Denali Therapeutics and Biogen have initiated the global Phase 3 LIGHTHOUSE study to assess the efficacy and safety of BIIB122 (DNL151), a small molecule inhibitor targeting LRRK2 mutations in Parkinson's disease. With around 400 participants, the trial will last up to 180 weeks and primarily measure the time to confirmed worsening of symptoms via the MDS-UPDRS scale. This landmark trial aims to test the genetic hypothesis of LRRK2's role in Parkinson's and could provide significant insights into treating this neurodegenerative disease.
Denali Therapeutics announced promising interim results from its Phase 1/2 trial of DNL310 for Hunter syndrome. The data shows sustained normalization of CSF heparan sulfate levels and improvements in biomarkers of lysosomal function over a year. Most participants reported stabilization or improvement in symptoms. With a safety profile comparable to standard care after up to 85 weeks of treatment, Denali is actively enrolling patients for the Phase 2/3 COMPASS study.

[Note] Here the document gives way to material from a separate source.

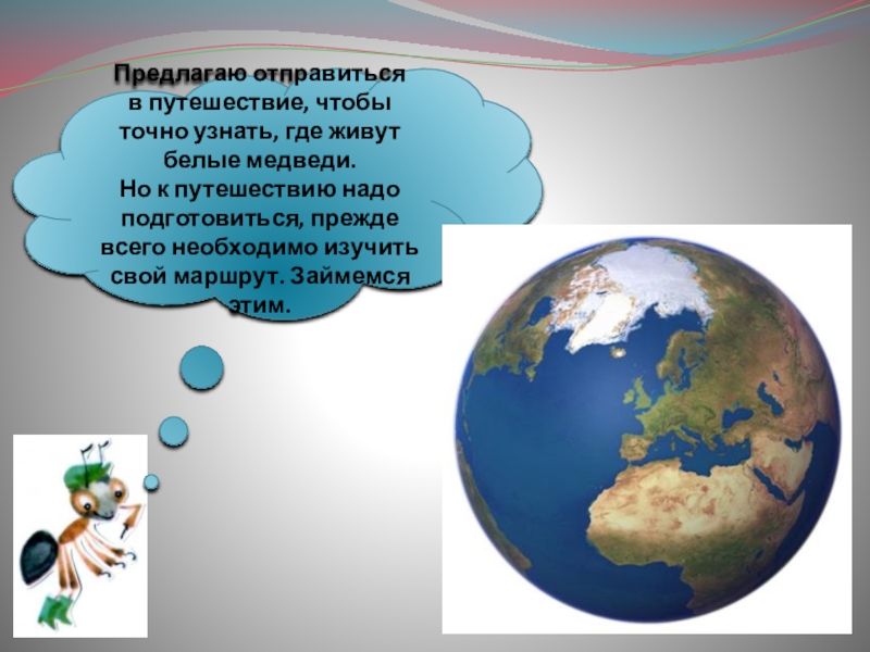Слайд 6Предлагаю отправиться в путешествие, чтобы точно узнать, где живут белые медведи. Но к путешествию

The trial aims to further demonstrate DNL310's efficacy and its potential to treat cognitive and behavioral symptoms associated with Hunter syndrome.

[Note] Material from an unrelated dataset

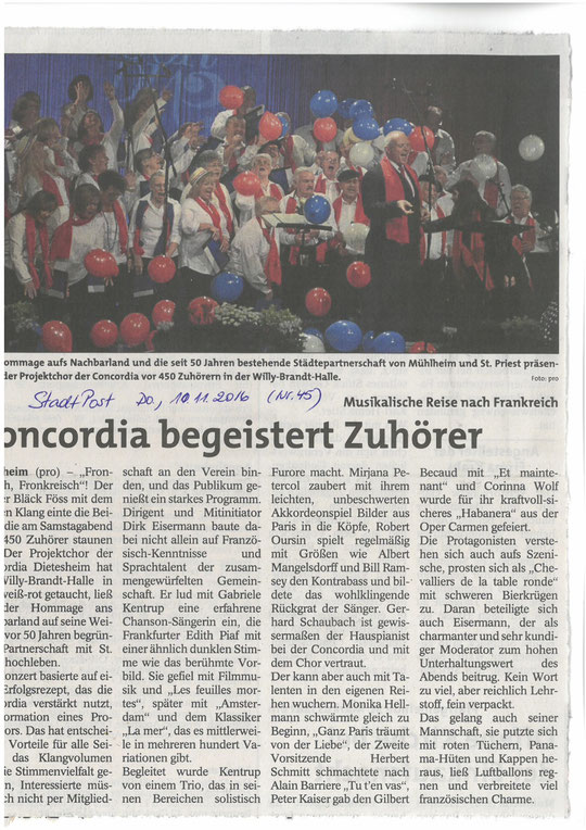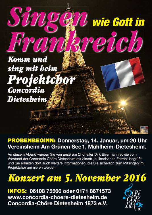Die Concordia Chöre Dietesheim bieten für ein ausgesuchtes Projekt in 2016 Sängerinnen und Sängern an, den Chor ab Januar bis November 2016 mit ihren Stimmen zu unterstützen. Der Name des Chorprojektes wird heißen: „Singen wie Gott in Frankreich“ und die Literatur wird aus französischer Chormusik aus verschiedenen Epochen sowie bekannte Chansons bestehen. Wer nun glaubt, dass er ungeeignet dafür ist, da er kein Französisch spricht bzw. singt, der darf beruhigt sein. Die Lieder werden zum Großteil in Deutsch gesungen und die französischen Texte werden den Chormitgliedern in Lautschrift zur Verfügung gestellt. Wer sich fragt, warum Französisch? Die Stadt Mühlheim feiert in 2016 die 50 jährige freundschaftliche Partnerschaft zur Stadt St. Priest. Wir finden, dass ist Grund genug diese langjährige Beziehung mit einem besonderen Event in Form eines Konzertes zu würdigen.

Denali Therapeutics Inc. (NASDAQ: DNLI) reported its second quarter 2022 financial results, showing a net loss of $58.8 million, a slight improvement from a $60.7 million loss in Q2 2021. Collaboration revenue surged to $52.5 million, up from $22.9 million, mainly due to significant milestones from ongoing clinical developments. Denali's portfolio includes three BBB Transport Vehicle programs and seven overall in clinical trials. Their ongoing clinical studies in ALS and other neurodegenerative diseases are progressing, with upcoming data presentations expected in late 2022.

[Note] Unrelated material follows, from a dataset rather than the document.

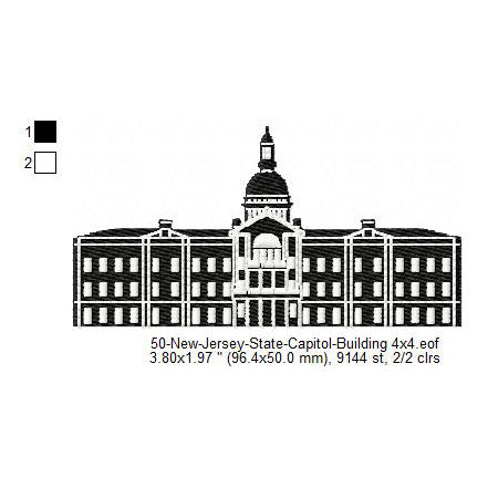 New Jersey State Capitol Building Silhouette Machine Embroidery Digitized Design Files

Denali Therapeutics (NASDAQ: DNLI) and Biogen have initiated the global Phase 2b LUMA study evaluating BIIB122 for early-stage Parkinson’s disease. The study aims to enroll about 640 participants aged 30 to 80 and assesses the drug's efficacy compared to a placebo. The primary endpoint focuses on changes in movement disorder scales. BIIB122 is a novel LRRK2 inhibitor, targeting a critical biological pathway in Parkinson’s disease, which affects millions worldwide. The collaboration marks a significant milestone in developing potential treatments for this condition.
Denali Therapeutics Inc. (Nasdaq: DNLI) reported its Q1 2022 financial results, with a net loss of $65.2 million, down from $70.0 million in Q1 2021. Collaboration revenue surged to $42.1 million, primarily due to partnerships with Takeda and Biogen. Denali is progressing with its drug candidates, including DNL593 for frontotemporal dementia and DNL310 for Hunter syndrome, with significant study advancements. However, the company faces challenges including a formal clinical hold from the FDA on DNL919, which may delay future studies.